== Data to examine ==
========

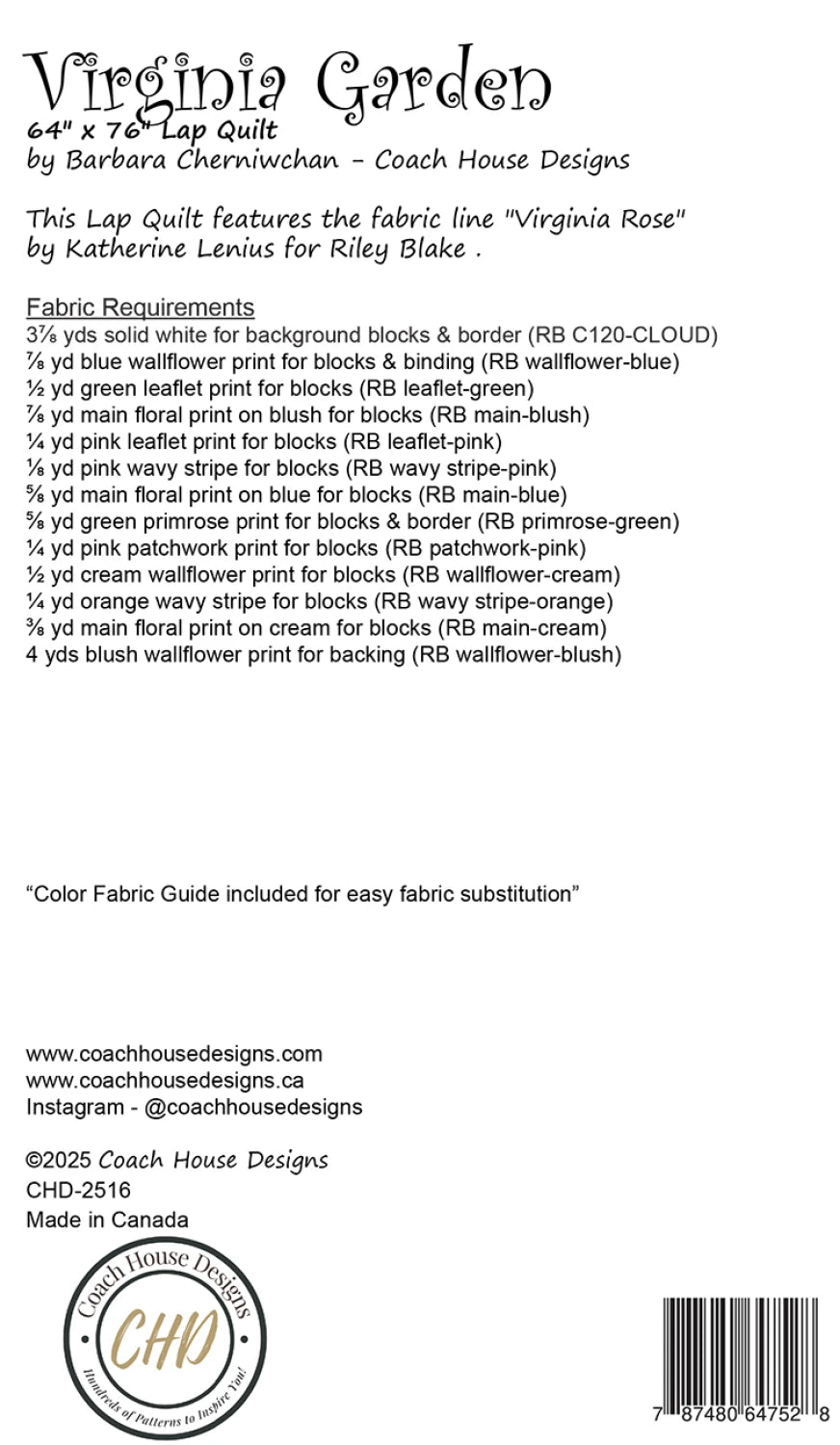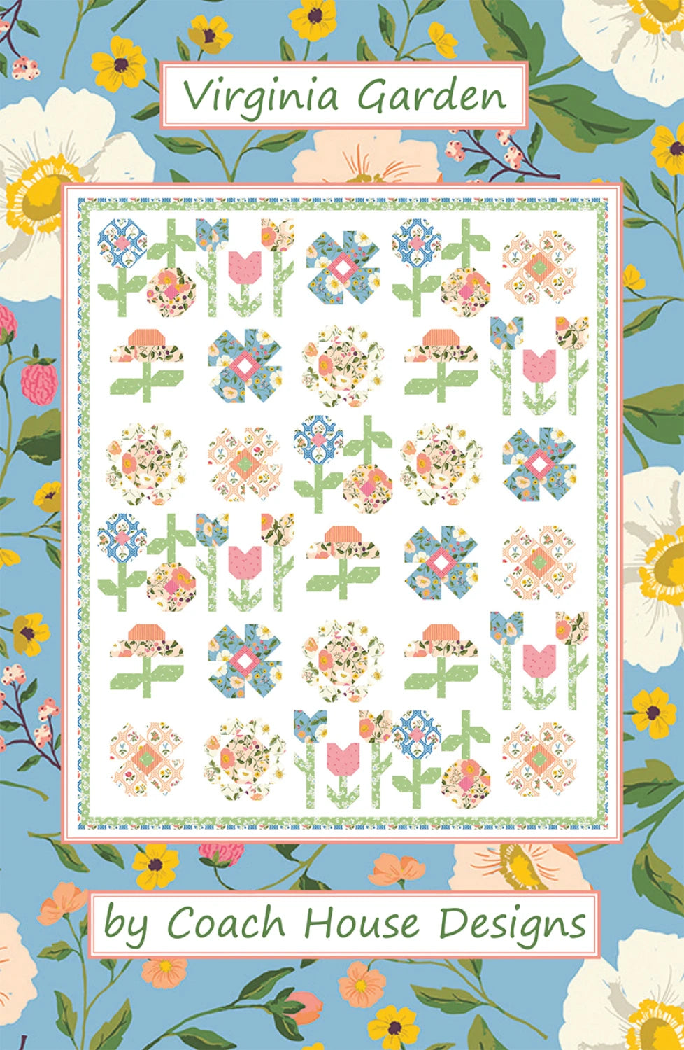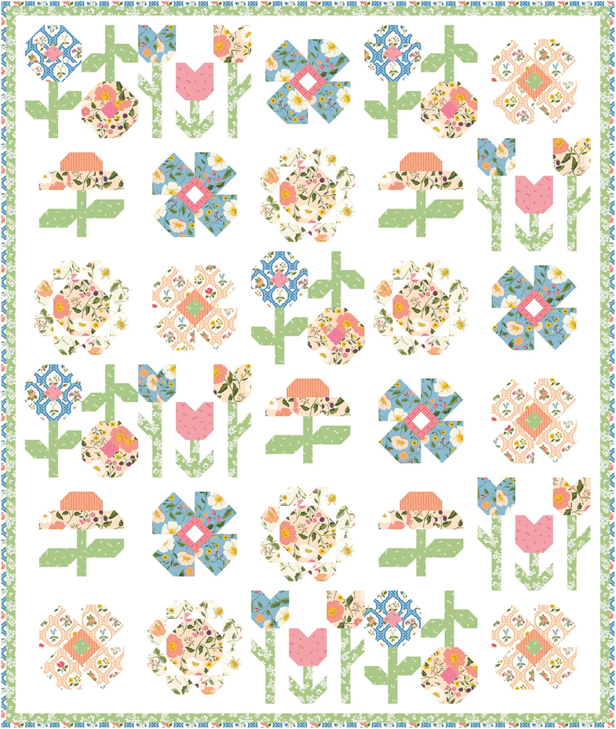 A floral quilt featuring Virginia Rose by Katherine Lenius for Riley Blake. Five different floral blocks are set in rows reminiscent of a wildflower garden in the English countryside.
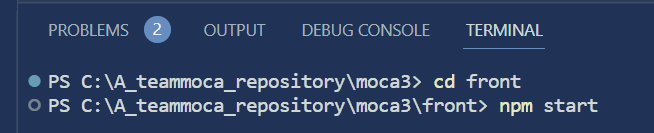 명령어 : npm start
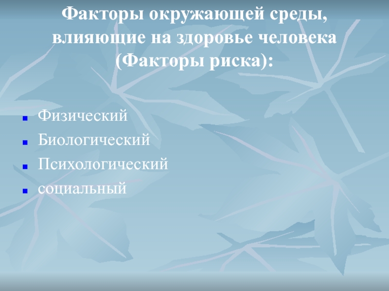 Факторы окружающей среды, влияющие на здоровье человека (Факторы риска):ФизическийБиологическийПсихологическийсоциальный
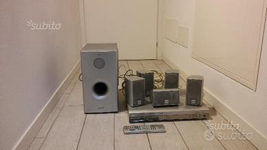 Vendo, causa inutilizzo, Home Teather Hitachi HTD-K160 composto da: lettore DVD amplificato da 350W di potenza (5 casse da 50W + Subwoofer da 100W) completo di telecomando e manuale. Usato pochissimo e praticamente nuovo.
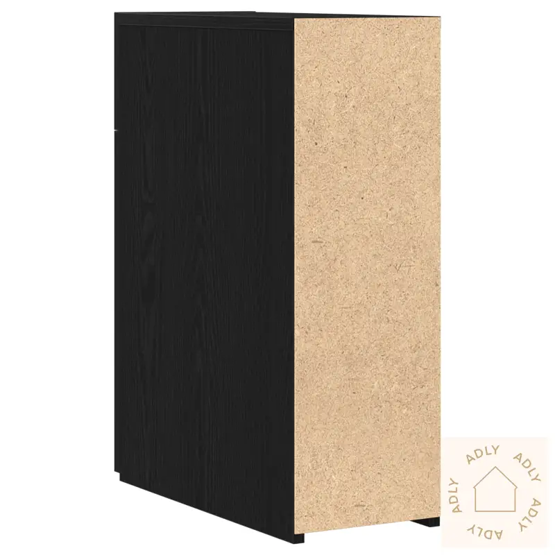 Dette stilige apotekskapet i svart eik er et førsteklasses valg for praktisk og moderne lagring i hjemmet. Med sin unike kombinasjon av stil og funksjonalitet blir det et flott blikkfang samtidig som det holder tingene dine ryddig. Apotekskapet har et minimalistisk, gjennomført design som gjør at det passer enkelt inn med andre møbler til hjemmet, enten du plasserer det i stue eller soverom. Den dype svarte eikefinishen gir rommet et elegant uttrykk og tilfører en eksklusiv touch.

========

Could you transcribe all of the data exactly, keeping every picture out of the copy?

== Result of this task ==
 A floral quilt featuring Virginia Rose by Katherine Lenius for Riley Blake. Five different floral blocks are set in rows reminiscent of a wildflower garden in the English countryside.
 명령어 : npm start
 Факторы окружающей среды, влияющие на здоровье человека (Факторы риска):ФизическийБиологическийПсихологическийсоциальный
 Vendo, causa inutilizzo, Home Teather Hitachi HTD-K160 composto da: lettore DVD amplificato da 350W di potenza (5 casse da 50W + Subwoofer da 100W) completo di telecomando e manuale. Usato pochissimo e praticamente nuovo.
 Dette stilige apotekskapet i svart eik er et førsteklasses valg for praktisk og moderne lagring i hjemmet. Med sin unike kombinasjon av stil og funksjonalitet blir det et flott blikkfang samtidig som det holder tingene dine ryddig. Apotekskapet har et minimalistisk, gjennomført design som gjør at det passer enkelt inn med andre møbler til hjemmet, enten du plasserer det i stue eller soverom. Den dype svarte eikefinishen gir rommet et elegant uttrykk og tilfører en eksklusiv touch.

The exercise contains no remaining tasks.